I am a Los Angeles Multimedia Designer and Video Artist. I have a deep interest in technology, form, simulation, patterns, and images. As a multimedia designer, I have been lucky to have designed and created works for Madonna, Michael Jackson, Walt Disney, and many others. In my video art, I have always strived to be at the forefront of emerging technologies and was an early advocate of projection-mapping and virtual reality. I was involved in the seminal Amon Tobin “Isam 2.0” Tour. This was a groundbreaking example of the merger of art and technology with projection mapping. Recently I have been concentrating on the development of Virtual and Augmented Reality. My video art is informed by my interest in real-time development, multi-camera filmmaking, generative design, and interactive installation. I use the investigation to examine how artificial intelligence can alter and affect our work. I was the first person to use Lytro’s light-field camera in a full production that included combining visual effects with Lightfields. As a Technical Director, I have worked on research and development with Google, Qualcomm, Intel, and others on the merger of technology, installation, and art. I am fascinated with building pipelines with Houdini and Touchdesigner. I am currently an Adjunct Professor at the USC School of Cinematic Arts, where I teach generative animation with Houdini and Touchdesigner, Real-Time animation in Unreal Engine, and projection mapping.
Fim & Television
My first job working as a set designer was in 1994. Production Designer Nina Ruscio hired me to work on a show for Fox called VR5. I was introduced through Carey Meyer. I was hired as an art department assistant but worked as a set designer, drafting a union show. I worked the show the entire season and, then the show was canceled after the 8th episode. We shot the rest of the episodes which aired. After this, I got hired as an Art Director and Construction Coordinator by the Production Designer Aaron Osbourne for the movie Crossworlds with Rutger Hauer. It was a non-union movie with Trimark Pictures. They hired me due to my drafting ability and my construction experience. This was the last film-orientated production job that I had. I decided I liked working on a computer much better.
In 1996, Jnco Jeans hired me as a Graphic Designer by the Creative Director Mike Hodis. I knew how to use Illustrator, Photoshop, and After Effects. I had been doing 3D work in FormZ, an early Mac-based 3D modeling software. I started doing print layout, hangtags, and t-shirt graphics. When JNCO decided to open a flagship store on Melrose Avenue, Mike Hodis and Owners Milo and Jack Revah decided with my 3D modeling skills and Architectural education to design and oversee the construction. I modeled and drafted the entire project in FormZ with design drawings and finished it in Illustrator. I oversaw and pulled the permits for construction and navigated the Department of Building and Safety for the first time. One of the design constraints was that money was not an issue, and as long as the work could be justified and proved superior, they would spend the cash. This lead to a complete 100% original fabricated space. We had a video projector wall that was using rear-screen projection. This was something unseen at the time. The cabinetry was built by Mike Hodis’s father, a Romanian master carpenter. The cabinetry was finished with the most expensive automotive paint that we could find and painted in an auto body shop.

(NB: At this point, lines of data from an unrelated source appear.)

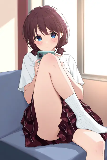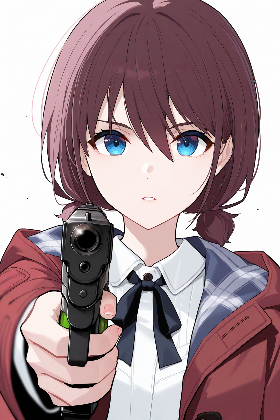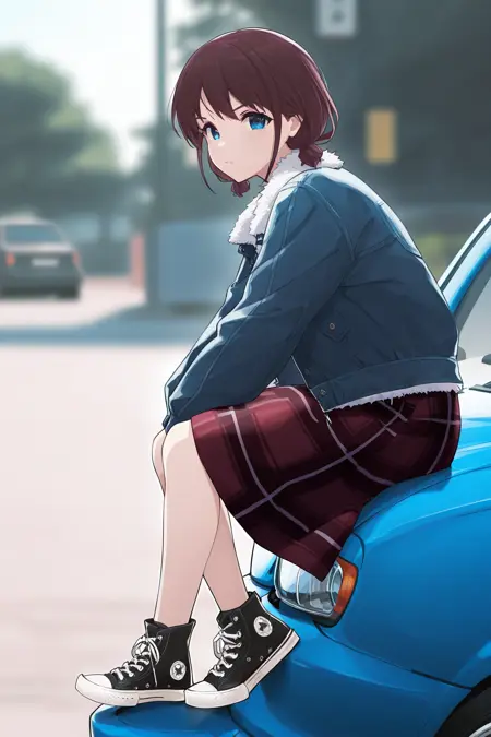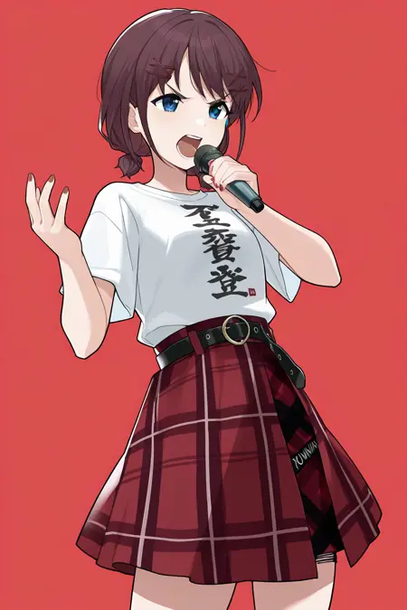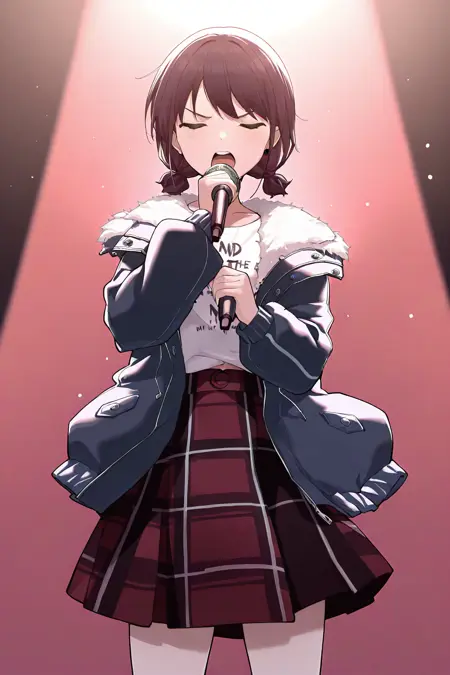 iseri nina,1girl,twintails,jacket,plaid,shirt,clothes writing,skirt,plaid skirt,
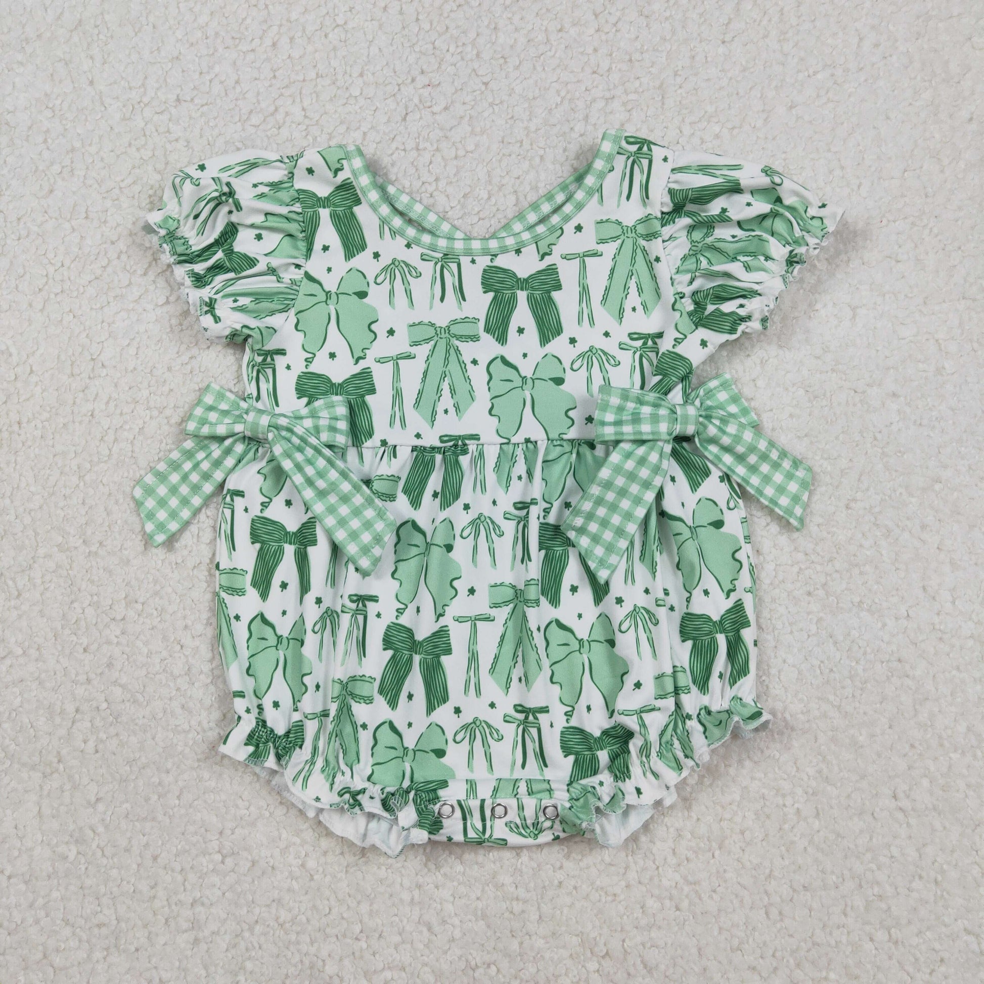 12.12 RTS NO MOQ (In stock)SR3305 Baby Girls Summer Rompers Baby Girls Green Clovers St Patrick Bows Ruffle Rompers
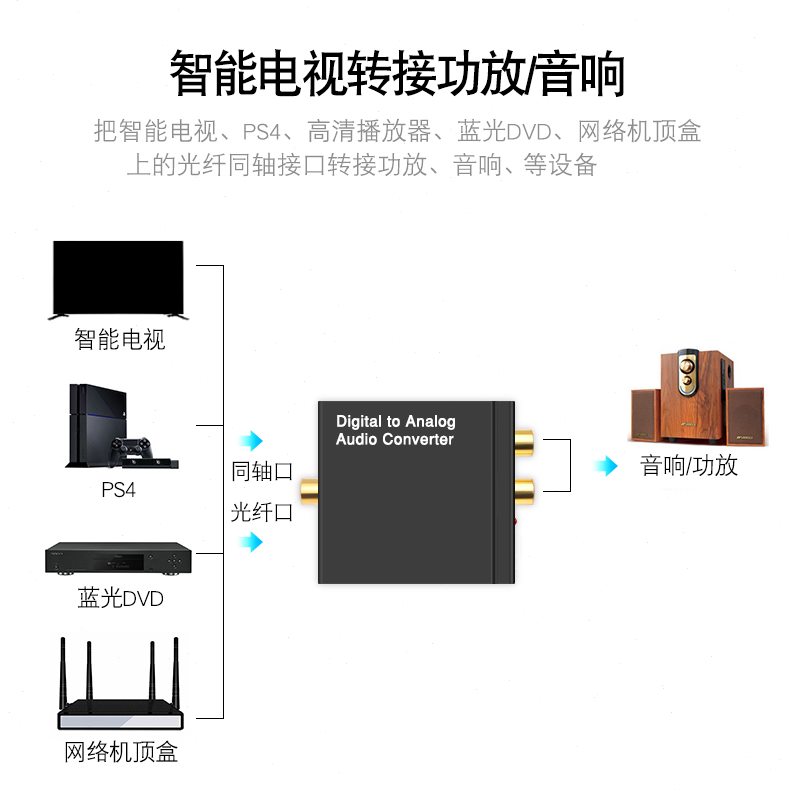 同轴射频数字转模拟光纤音频转换器转3.5音频线莲花线光纤接电视
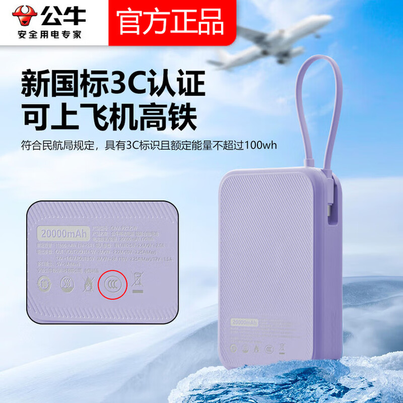 公牛自带线充电宝华为22.5超级快充苹果小米PD20w快充20000毫安超大容量便携移动电源 3C认证充电宝
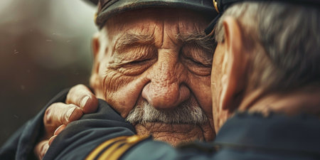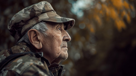 Elderly veteran with a contemplative gaze, evening sun backlighting.
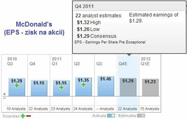 Ve třetím kvartálu firma vydělala na akcii 1,24 USD, za čtvrtý kvartál by to mělo být 1,1 USD. Meziročně by ovšem zisk měl stále růst o zhruba 6 % z 1,03 USD.
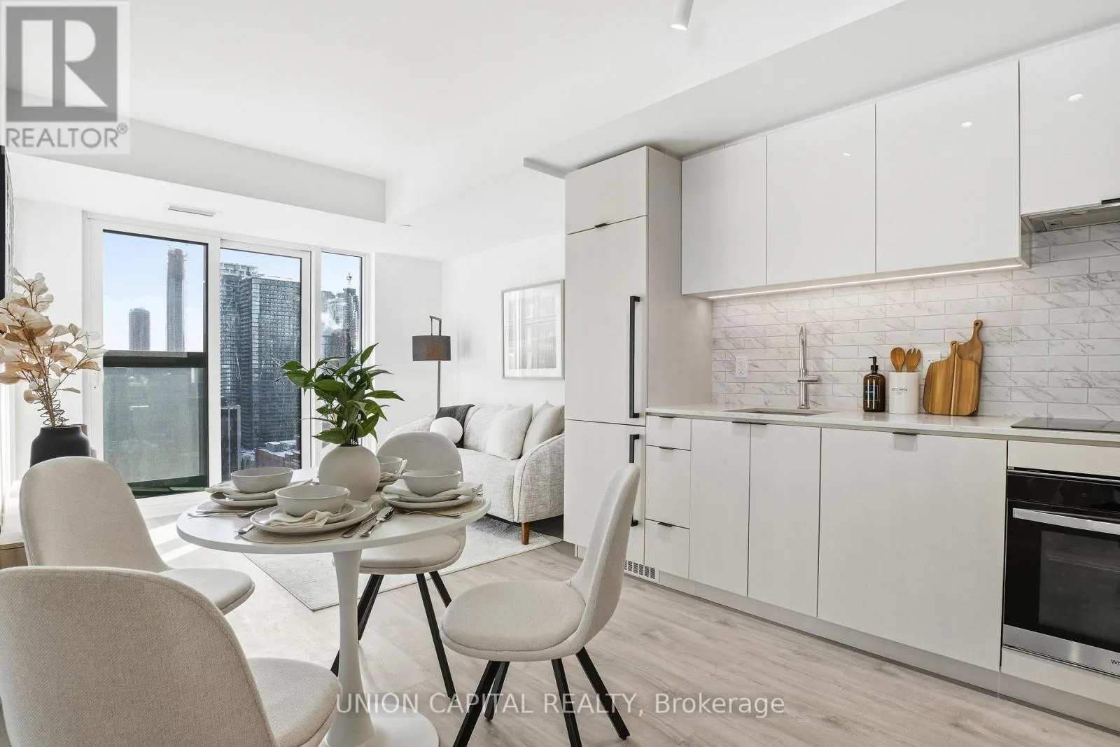 Church St / Dundas St E Discover elevated city living at 252 Church Street. This brand-new two-bedroom, two-bathroom corner suite features an ideal layout with bright southeast exposure and floor-to-ceiling windows that flood the home with natural light. The primary bedroom includes a private ensuite, while the contemporary kitchen is equipped with sleek, high-end finishes and integrated appliances. Residents enjoy over 18,000 sq. ft. of premium amenities, including a 24-hour concierge, state-of-the-art fitness centre with CrossFit, yoga, and Peloton zones, co-working lounges, games and media rooms, party and meeting spaces, as well as outdoor BBQ and dining terraces. Perfectly situated at Church & Dundas, just steps to Yonge-Dundas Square, transit, dining, and shopping. (id:27476)

In 1999 I was introduced to Bruce Rogers of Tribe Design through a mutual friend Frank Lentz. Frank was the Creative Director for D.E.N – Digital Entertainment Network, an early streaming network. Digital Entertainment Network hired Bruce to design their main stage. Knowing my 3D skills and architectural background, Frank thought that I could help visualize the set. This introduction led to several years of working for Bruce Rogers and Tribe Design as a concept artist and designer. His company at the time was a small but successful studio in Venice, California. Some of the early projects that we worked on were Brittany Spears’ first concert at Tomorrowland in Disneyland, Hanson, and Joni Mitchell. His business grew quickly and, I worked on various projects like the launch event for Windows 2000, Ricky Martin’s “Livin’ ma Vida Loca” World Tour, Mariah Carey, and others.
In 2001 I was hired as a multimedia designer and video artist to work on a Madonna Video. In 2001 Bruce Rogers was awarded the Madonna World Tour and introduced me to Dago Gonzalez. Dago produced and directed most of Madonnas’ tour graphics and videos. He hired my company, Parallax Productions, to produce all the computer-generated animations for the Madonna video “Thunderpuss – Mega-Mix.” The production work was produced by four artists working in Maya 2.0. We had a large render farm that we rented and, for the time, were rendering great quantities of frames.
Michael Jackson’s “This is It”
In 2009, Stimulated hired me as one of four on-site video artists to work on tour graphics for Michael Jackson’s World Tour “This Is It.” I was hired by Stimulated, a motion graphics and production studio in Burbank. When the job first started, we worked out of the Burbank office. Once the rehearsals began, we moved to the Forum in Inglewood. We were there every day until we moved to Staples Center, a few days before Michael Jackson’s death. We were all Staples Center when he died, and this was one of the most surreal days of my entire life.